Educational exposure emerged as a critical determinant of AMR-related competencies. Adequate knowledge was significantly associated with having received rational antibiotic use training during both residency and within the past year (p=0.021 and p=0.024, respectively) (Table 2). However, only 11.1% of participants reported receiving such training within the previous year, despite 82.7% expressing a desire for structured educational programs. This stark contrast between the high demand for education and the low rate of actual delivery suggests that hospital management has not sufficiently prioritized or operationalized continuous antimicrobial stewardship training. Bridging this gap requires an institutional shift from voluntary to mandatory and structured educational modules. These findings align with evidence from Norway and Brazil, where antimicrobial stewardship initiatives integrating guideline dissemination, specialist feedback, and continuing medical education improved prescribing behavior and compliance (24,25).

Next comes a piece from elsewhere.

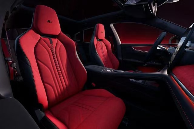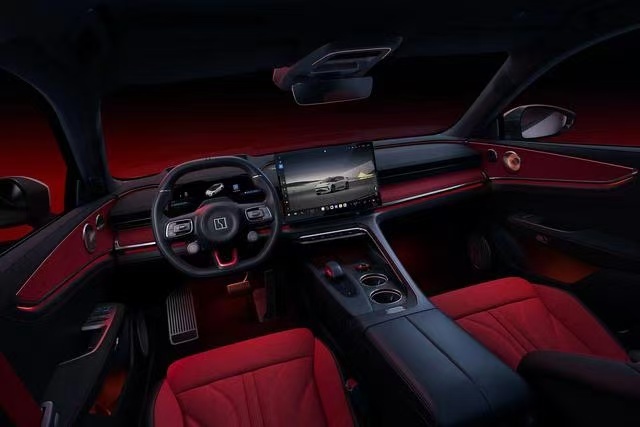 内饰方面也没有变化,配色以黑色搭配红色为主,提供有三幅式多功能方向盘、全液晶仪表盘、悬浮式中控屏以及电子档把,而且还有39.3英寸AR-HUD抬头显示。

The results emphasize the necessity for ongoing postgraduate training that bridges theoretical and clinical aspects of antimicrobial use. Studies from India, Nepal, and China have similarly recommended periodic refresher programs and institutional stewardship teams to sustain rational prescribing practices (9,14,15,20).
This study’s primary limitation is its single-center design, which may limit generalizability to other healthcare settings. Additionally, self-reported data may be subject to recall and social desirability bias. Nonetheless, the findings provide valuable insight into physicians’ current knowledge, attitudes, and practices regarding AMR in a representative state hospital context.
In conclusion, while physicians in this study exhibited moderate knowledge and generally positive attitudes toward AMR, gaps remain in local resistance awareness, adherence to susceptibility testing, and consistent step-down prescribing practices. Strengthening education, reinforcing stewardship oversight, and promoting local antibiogram use are key strategies to enhance rational antibiotic prescribing and mitigate the growing threat of antimicrobial resistance.